The molecular structure was tested using nuclear magnetic resonance (NMR) with deuterated dimethyl sulfoxide (DMSO-d6) as the solvent. The molecular weight was measured using a Bruker McriOTOF11 polymer mass spectrometer and an AB SCIEX 5800 Matrix-Assisted Laser Desorption/Ionization Time-of-Flight (MALDI-TOF) mass spectrometer (with trans-2-[3-(4-tert-Butylphenyl)-2-methyl-2-propenylidene]malononitrile as the matrix and sodium trifluoroacetate as the sodium salt). X-ray absorption spectrum was tested using the 1W1B beamline of the Beijing Synchrotron Radiation Facility (BSRF). The UV-Vis absorption spectrum was tested using a Perkin-Elmer Lambda750 UV-Vis spectrophotometer.

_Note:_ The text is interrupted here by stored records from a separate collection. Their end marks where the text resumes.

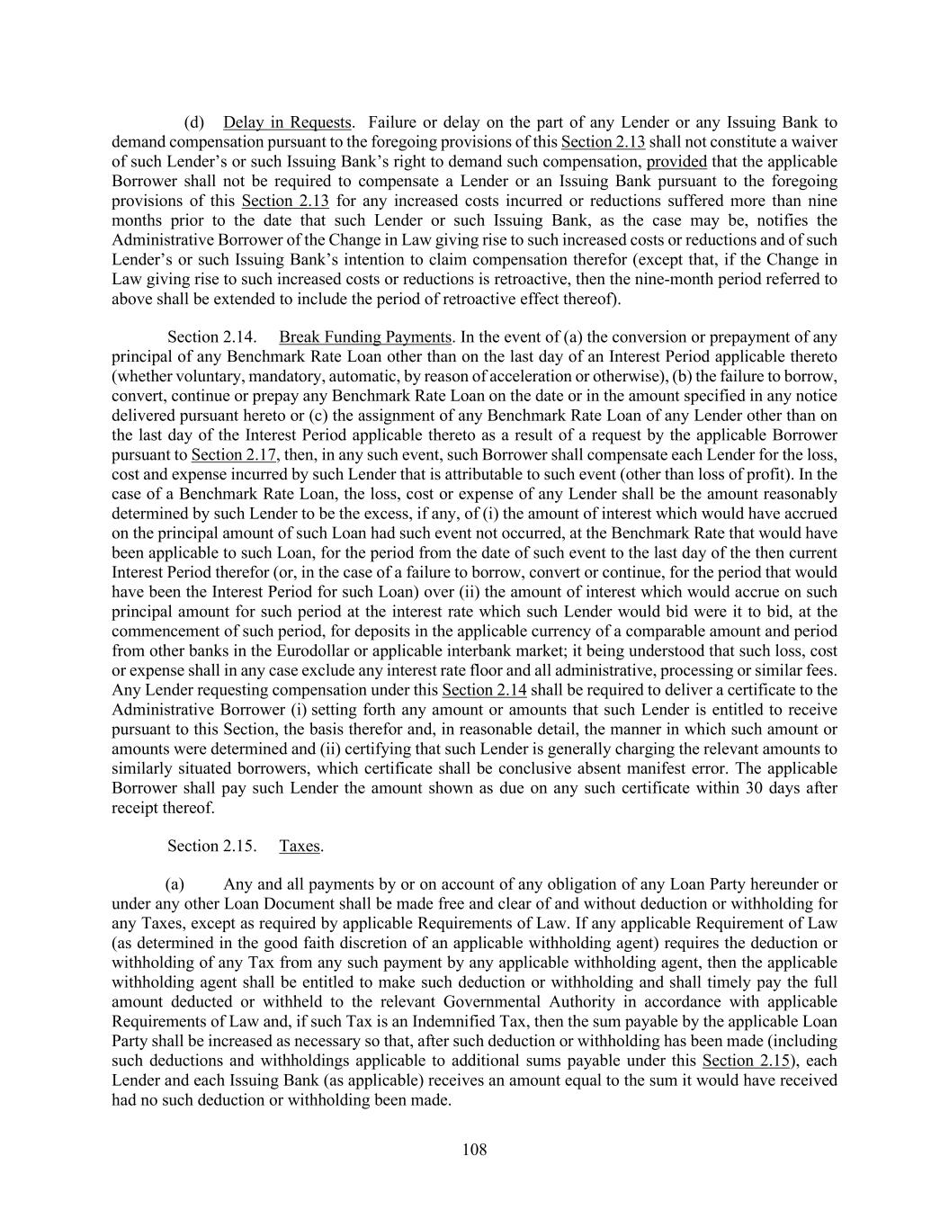 25 “Default” means any event or condition which upon notice, lapse of time or both would become an Event of Default. “Defaulting Lender” means any Lender that has (a) defaulted in its obligations under this Agreement, including without limitation, to make a Loan within two Business Days of the date required to be made by it hereunder or to fund its participation in a Letter of Credit required to be funded by it hereunder within two Business Days of the date such obligation arose or such Loan, Letter of Credit was required to be made or funded, (b) notified the Administrative Agent, any Issuing Bank or any Loan Party in writing that it does not intend to satisfy any such obligation or has made a public statement to the effect that it does not intend to comply with its funding obligations under this Agreement or under agreements in which it commits to extend credit generally (unless such writing or public statement relates to such Lender’s obligation to fund a Loan hereunder and states that such position is based on such Lender’s good faith determination that a condition precedent to funding (which condition precedent, together with any applicable default, shall be specifically identified in such writing or public statement) cannot be satisfied), (c) failed, within two Business Days after the request of the Administrative Agent or the Administrative Borrower, to confirm in writing that it will comply with the terms of this Agreement relating to its obligations to fund prospective Loans and participations in then outstanding Letters of Credit; provided that such Lender shall cease to be a Defaulting Lender pursuant to this clause (c) upon receipt of such written confirmation by the Administrative Agent, (d) become (or any parent company thereof has become) insolvent or been determined by any Governmental Authority having regulatory authority over such Person or its assets, to be insolvent, or the assets or management of which has been taken over by any Governmental Authority, (e) become (or any parent company thereof has become) the subject of a bankruptcy or insolvency proceeding, or has had a receiver, conservator, trustee, administrator, assignee for the benefit of creditors or similar Person charged with reorganization or liquidation of its business or custodian, appointed for it, or has taken any action in furtherance of, or indicating its consent to, approval of or acquiescence in, any such proceeding or appointment, unless in the case of any Lender subject to this clause (e), the Administrative Borrower and the Administrative Agent shall each have determined that such Lender intends, and has all approvals required to enable it (in form and substance satisfactory to the Administrative Borrower and the Administrative Agent), to continue to perform its obligations as a Lender hereunder or (f) become (or any parent company thereof has become) the subject of a Bail-In Action; provided that no Lender shall be deemed to be a Defaulting Lender solely by virtue of the ownership or acquisition of any Capital Stock in such Lender or its parent by any Governmental Authority; provided that such action does not result in or provide such Lender with immunity from the jurisdiction of courts within the U.S. or from the enforcement of judgments or writs of attachment on its assets or permit such Lender (or such Governmental Authority) to reject, repudiate, disavow or disaffirm any contract or agreement to which such Lender is a party. “Delaware Divided LLC” means any Delaware LLC formed upon the consummation of a Delaware LLC Division. “Delaware LLC” means any limited liability company organized or formed under the laws of the State of Delaware. “Delaware LLC Division” means the statutory division of any Delaware LLC into two or more Delaware LLCs pursuant to Section 18-217 of the Delaware Limited Liability Company Act. “Deposit Account” means a demand, time, savings, passbook or like account with a bank, savings and loan association, credit union or like organization, excluding, for the avoidance of doubt, any investment property (within the meaning of the UCC) or any account evidenced by an instrument or negotiable certificate of deposit (within the meaning of the UCC).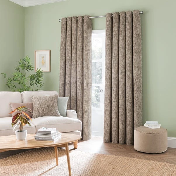 Style your windows with our gorgeous Mirabelle curtains. Crafted from a heavyweight, sumptuously soft, woven chenille quality, the surface is alive with a myriad of colours creating a perfectly balanced tonal effect which will effortlessly complement your interior home style. Made from irresistibly soft 100% recycled polyester, it is fully lined to enhance the curtain’s durability and drape. The brushed steel eyelets allow for an easy and hassle-free installation, making it a convenient choice for transforming your living spaces.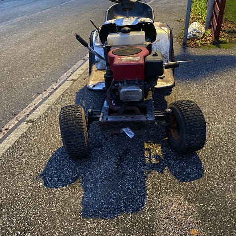 Cub Cadet plænetraktor udstyret med Briggs & Stratton motor. Maskinen har et sæde, rat og brændstoftank, og er designet til græsslåning. Farven på plænetraktoren er gul med sort sæde og styring.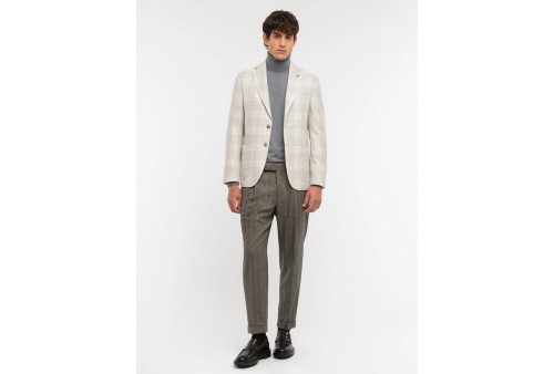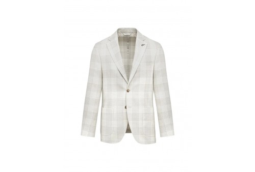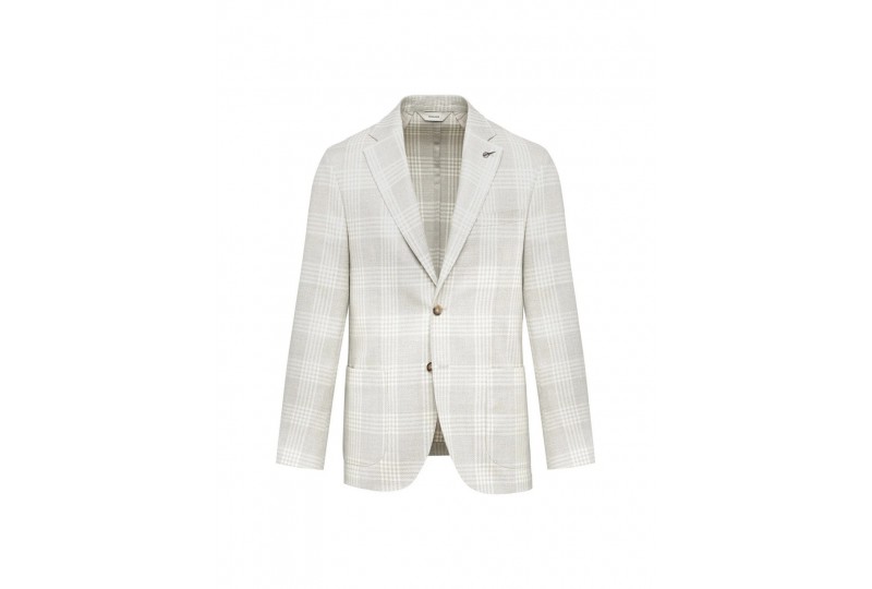 PAOLONI Giacca sfoderata macrocheck misto lana seta. Giacca sfoderata chiusura due bottoni, due tasche a toppa e un taschino frontali, quattro bottoni ai polsi, spacchi laterali sul retro, finiture con impunture A.M.F. Macrocheck misto lana seta. COLORE: GRIGIO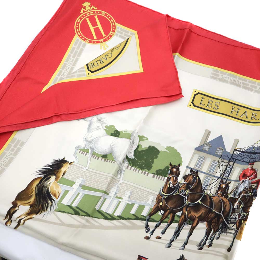 馬と、様々なシーンが切り抜かれたようなデザインが素敵なスカーフです。 レッド×ホワイトで目を惹くアイテム。 この機会に是非いかがでしょうか。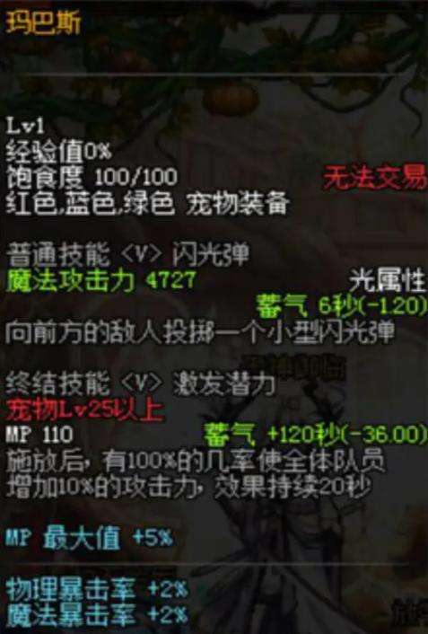 以上就是小编为大家带来的"dnf闪光弹是哪个宠物独有的技能 宠物玛巴斯技能及获得途径介绍"全部内容了,更多资讯请关注te5.cn。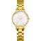 Dámské náramkové hodinky Napájení z baterie Pouzdro ve tvaru kruhu Kovové pouzdro Zlatavá barva pouzdra Kovový tah Zlatavá barva tahu Ručičkový ciferník Materiál skla - minerální sklo Odolné proti vodě při běžném nošení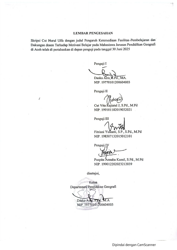 CUT NURUL ULFA, PENGARUH KETERSEDIAAN FASILITAS PEMBELAJARAN DAN DUKUNGAN DOSEN TERHADAP MOTIVASI BELAJAR PADA MAHASISWA JURUSAN PENDIDIKAN GEOGRAFI DI ACEH. Banda Aceh Fakultas FKIP (S1),2025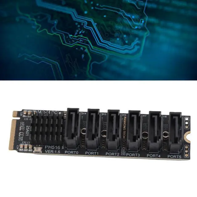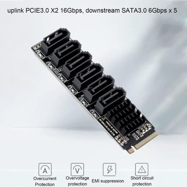 Adapter Card: M. 2 to SATA 3.0 expansion card uplink PCIE 3.0 X2 16Gbps, downstream SATA 3.0 6Gbps x 5.

The main chain of the synthesized metal-backboned polymer contains metal atoms linked by chemical bonds. The metal-backboned polymer may exhibit unique properties in aspects such as light, heat, force, sound, electricity, and magnetism, and thus will be applied as photoelectric materials, biomedical materials, superconducting materials, etc.

The examples set forth above are provided to give those of ordinary skill in the art with a complete disclosure and description of how to make and use the claimed embodiments, and are not intended to limit the scope of what is disclosed herein. Modifications that are obvious to persons of skill in the art are intended to be within the scope of the following claims.